WHAT YOU WILL DO: Leaving the pictures out, transcribe the records below exactly.

*** Opening LISTED ENTRIES ***

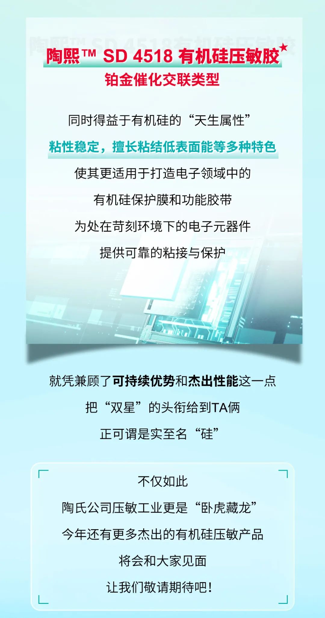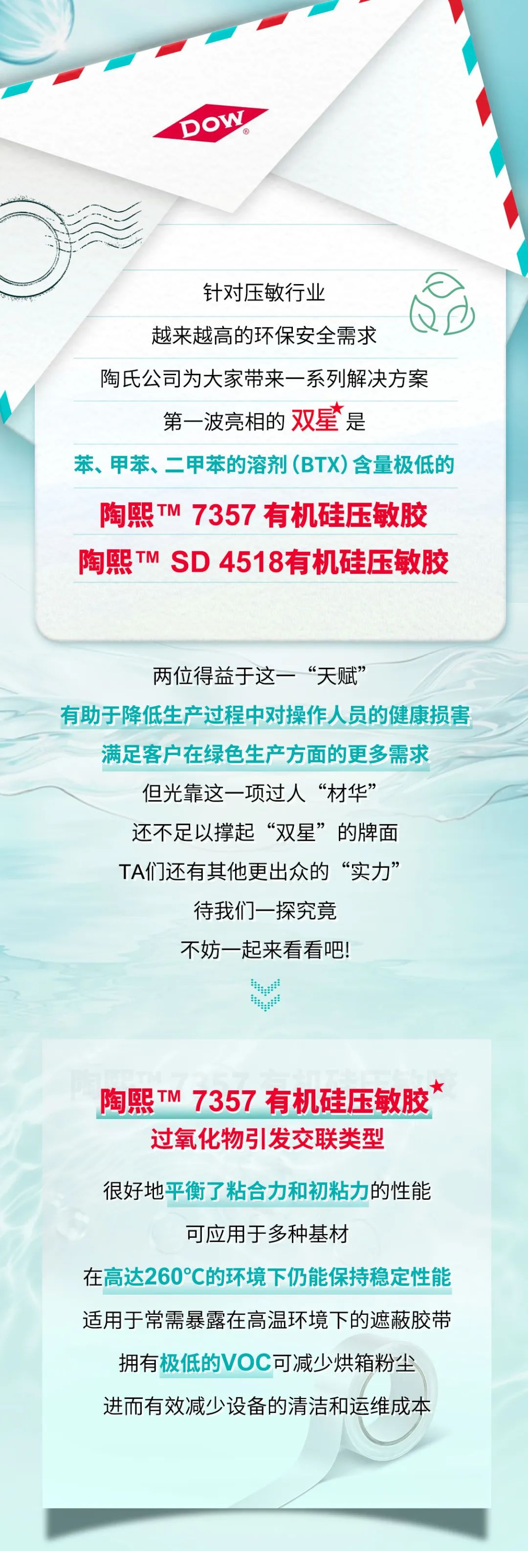 #关键词:陶氏、陶氏公司、环保型有机硅压敏胶、有机硅压敏胶、压敏胶、DOWSIL™、陶熙™、陶熙™ 7357 有机硅压敏胶、陶熙™ SD 4518有机硅压敏胶、可持续优势、高温稳定性、粘合力、初粘力、耐高温性、低表面能、电子元器件、遮蔽胶带
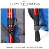 ・サイドのループコードはトレッキングポール、リュック底面のコンプレッションベルトには丸めたシュラフマットなどを取り付け可能。
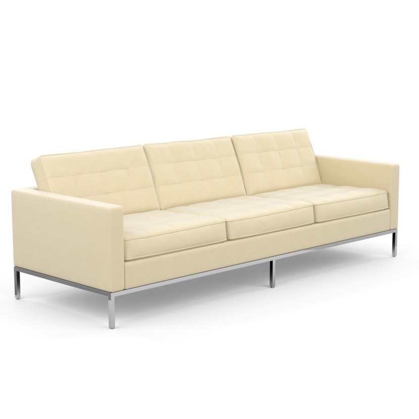 KNOLL canapé à 3 places FLORENCE en tissu (Circa Ivory - Revêtement Cat. C et structure en acier chromé)
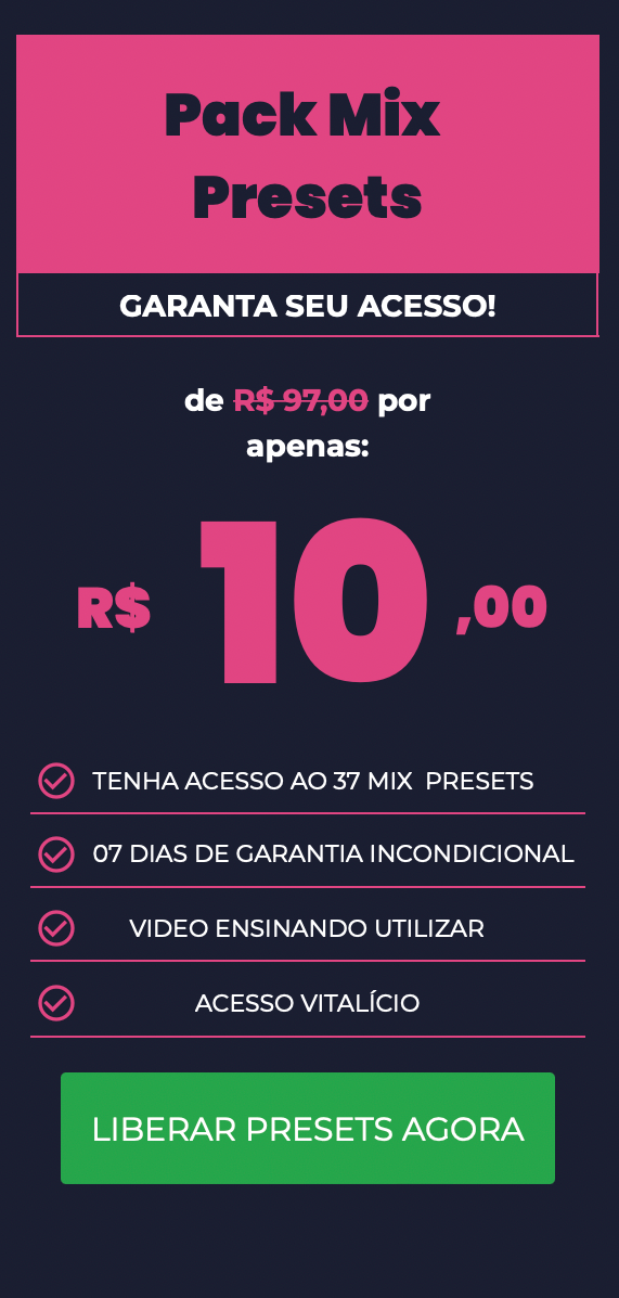 Receba o acesso aos presets em seu e-mail.
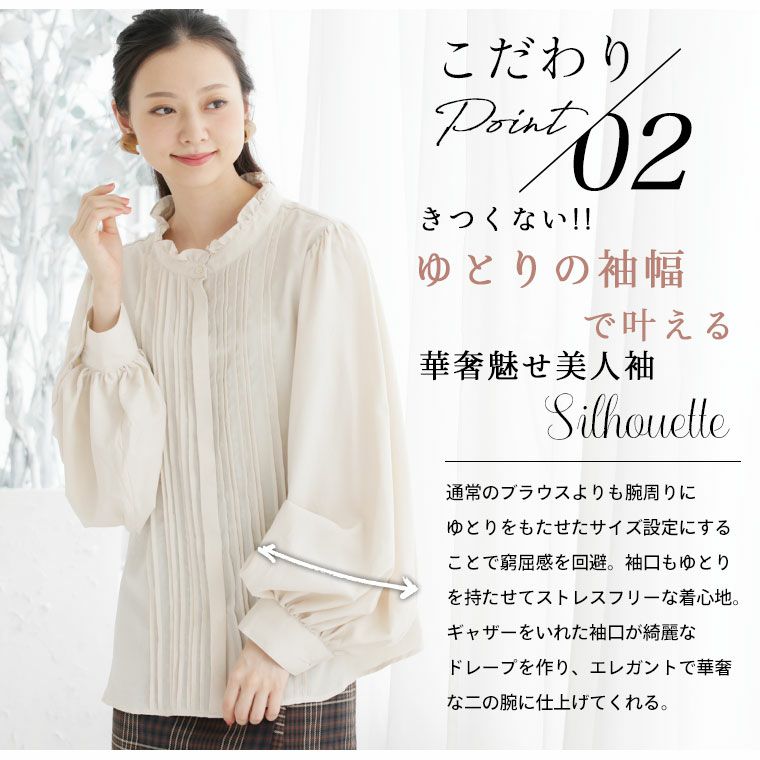 他の画像を見る シャツ トップス LL 3L 4L 春 春物 春服 夏 夏物 夏服 ぽっちゃり ゆったり カジュアル ナチュラル プラスサイズ 【effortless mode】首元苦しくない! 洗練美人袖 シルキージョーゼット プリーツスリーブ ブラウス | 大きいサイズの通販ならハッピーマリリン SALE 定価 ¥ 4,990 のところ 価格 ¥ 4,240 税込 5.00 お気に入りに登録する

*** Closing LISTED ENTRIES ***

TASK OUTPUT:
 #关键词:陶氏、陶氏公司、环保型有机硅压敏胶、有机硅压敏胶、压敏胶、DOWSIL™、陶熙™、陶熙™ 7357 有机硅压敏胶、陶熙™ SD 4518有机硅压敏胶、可持续优势、高温稳定性、粘合力、初粘力、耐高温性、低表面能、电子元器件、遮蔽胶带
 ・サイドのループコードはトレッキングポール、リュック底面のコンプレッションベルトには丸めたシュラフマットなどを取り付け可能。
 KNOLL canapé à 3 places FLORENCE en tissu (Circa Ivory - Revêtement Cat. C et structure en acier chromé)
 Receba o acesso aos presets em seu e-mail.
 他の画像を見る シャツ トップス LL 3L 4L 春 春物 春服 夏 夏物 夏服 ぽっちゃり ゆったり カジュアル ナチュラル プラスサイズ 【effortless mode】首元苦しくない! 洗練美人袖 シルキージョーゼット プリーツスリーブ ブラウス | 大きいサイズの通販ならハッピーマリリン SALE 定価 ¥ 4,990 のところ 価格 ¥ 4,240 税込 5.00 お気に入りに登録する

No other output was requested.